7. Do Something That Will Excite You as Soon as You Wake Up
What exactly are you waking up early for? Be sure to do something that will excite you.
Whether that be go to the gym for a killer workout or brew a cup of your favorite coffee and sit down to get a few chapters of your favorite book read.
8. Don’t Drink Caffeine After 3 PM
Although you may be finding yourself drinking a lot of coffee in the early morning hours, try to cut off caffeine consumption at 3 PM or earlier.
Drinking caffeine later in the day will leave you wired, and will make you struggle with falling asleep.
9. Use a Sleep App
Consider downloading a sleep app like Sleep Cycle that analyzes your sleep cycle while you sleep and will wake you up at the most optimum time depending on your alarm.
This allows you to analyze your sleep habits and see what changes are helping get you better sleep.
10. Eat a Healthy Breakfast
Be sure to eat a nutritious breakfast first thing in the morning. Your body has been fasting for the past 7 + hours and needs fuel! Consume lots of protein, fruits, and veggies. Be sure to drink at least 8 oz. of water upon waking as well!

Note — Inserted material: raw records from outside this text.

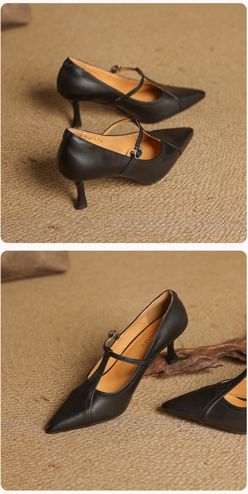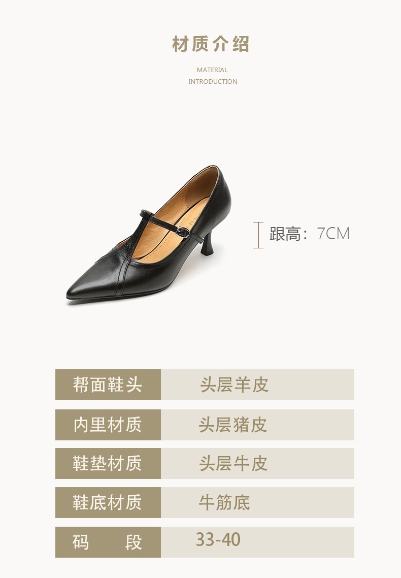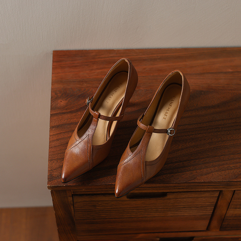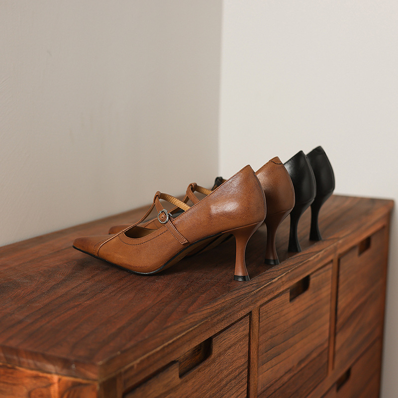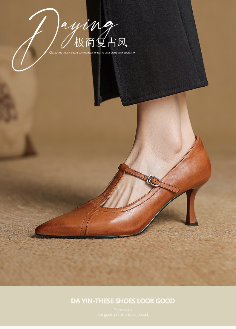 7cm 하이힐 양가죽 뾰족한 발가락 얕은 입 싱글 레이어 신발 2025 새로운 여성 신발 한국 스타일 T 자형 버클 얇은 뒤꿈치 4 시즌 신발스토어 가기
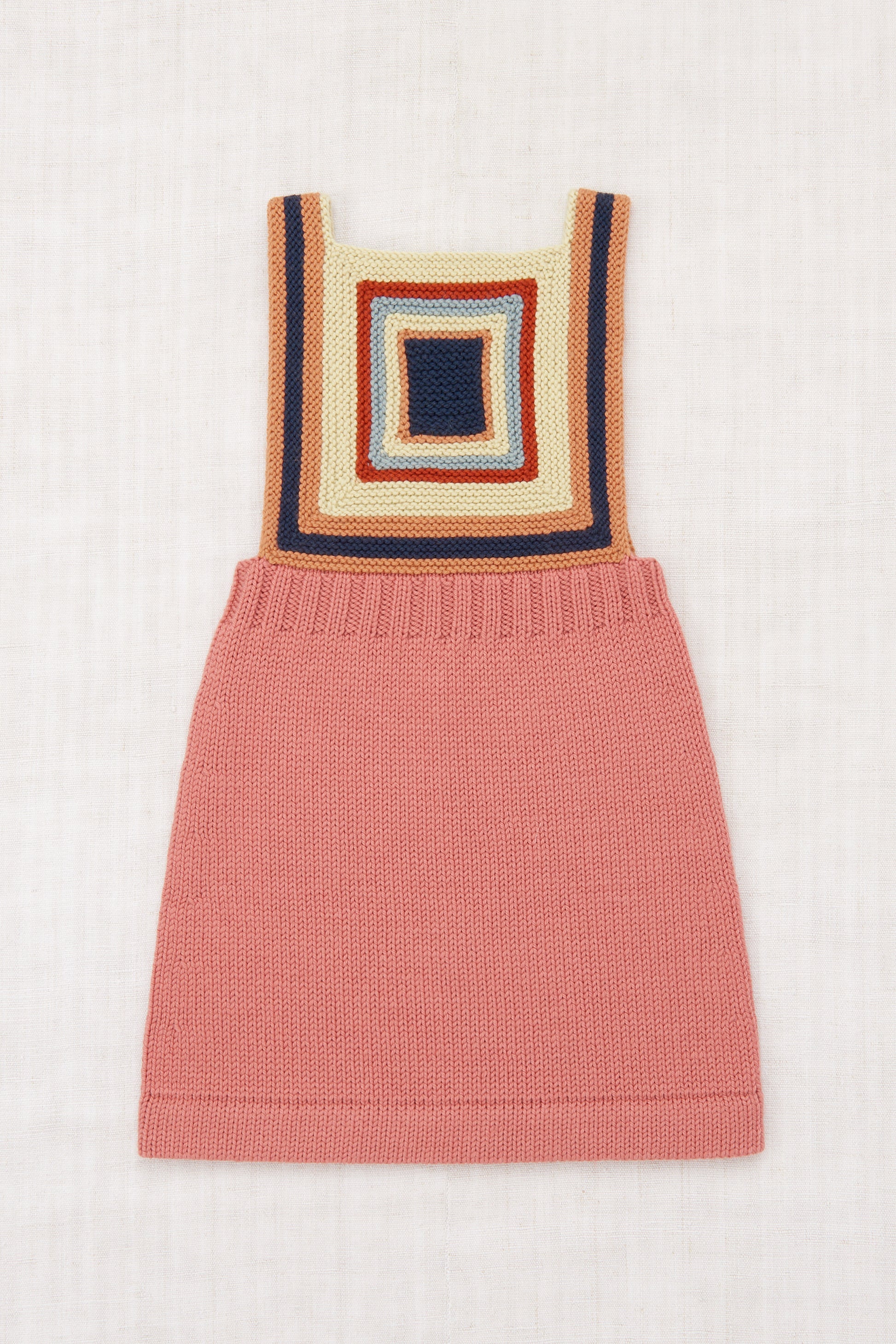 Inspired by log cabin technique, a pinafore-style dress in Merino wool. Featuring a hand-knit geometric motif, square neckline with single-strap horn button closure, ribbed waist, and a knit skirt with a slight a-line shape.
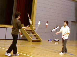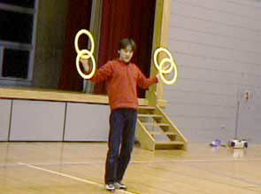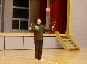 小平ジャグリングクラブ初の発表会は六小体育館で所沢ジャグリングクラブ・ジャグフライと共同で行われました。演技者13名、自分の好きなときに演技をし、笑いと拍手の中楽しく終えることができました。普段見ることのできない他のクラブの人の発表はとても面白く、マイム等の演技もKJCならでは。発表会はそんなに大げさなものではなく、また特に順位をつけたり賞をだしたりもしませんでしたが、これからも続けることで誰でも手軽に自分のパフォーマンスを発表しあえる場になればと思います。
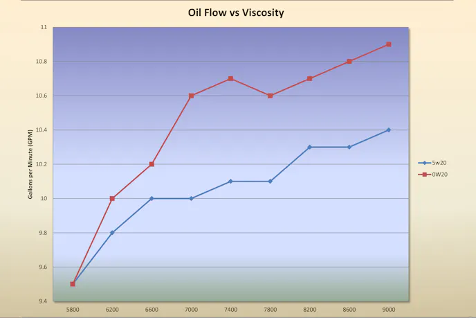 Let’s start by examining the oil-flow path through an engine. The oil pump moves a given amount of oil based on its capacity and the speed at which it is operated. Pumps don’t make pressure. Instead, they move a given volume of fluid with pressure created by restrictions in the lubrication path. These restrictions reduce the volume. The best way to understand this is with the classic garden hose flow example. When the tap is opened, water escapes the end of the hose at a given flow rate. This rate can be expressed as gallons per hour (gph). If you restrict the hose outlet with your thumb, the pressure in the hose increases while the flow volume decreases exiting the hose.

11. Shower First Thing in the Morning
Hop in the shower and feel refreshed with a morning shower. The warm water helps to wake you up and leaves you feeling fresh and alert for the day.
12. Find an Accountability Partner
You don’t have to wake up early alone. See if your partner or a friend would want to also start waking up early with you.
You can message each-other in the morning to make sure that you are both up, share insight on your progress, and maybe even hit the gym or take a walk together in the mornings.
13. Have a Nightly Wind-Down Routine
An hour or two before bed you should have a routine that signals to your body that you are ready for sleep. It can be as simple as brushing and flossing your teeth.
You can spice it up with a bath or reading a chapter out of your current book.
14. Consider Natural Supplementation to Help With Sleep Quality
Natural supplements like melatonin safely help you to fall asleep and stay asleep. Be sure to read all directions and check with your doctor if it’s okay for you to use.
15. Pick a Wake-Up Time To Gradually Move Up To
When you decide on your wake time, let’s say 6:00 AM, gradually move up to that time instead of going cold turkey.
If you wake up at 7:00 AM now, move back your wake-up time 15 minutes everyday until you reach 6:00 AM. This will make waking up earlier feel a lot easier.
So, when it comes to waking up early, taking a look at your current habits and making small adjustments will make all the difference in your experience.
Making healthier choices and habits will certainly make waking up earlier an enjoyable and productive experience!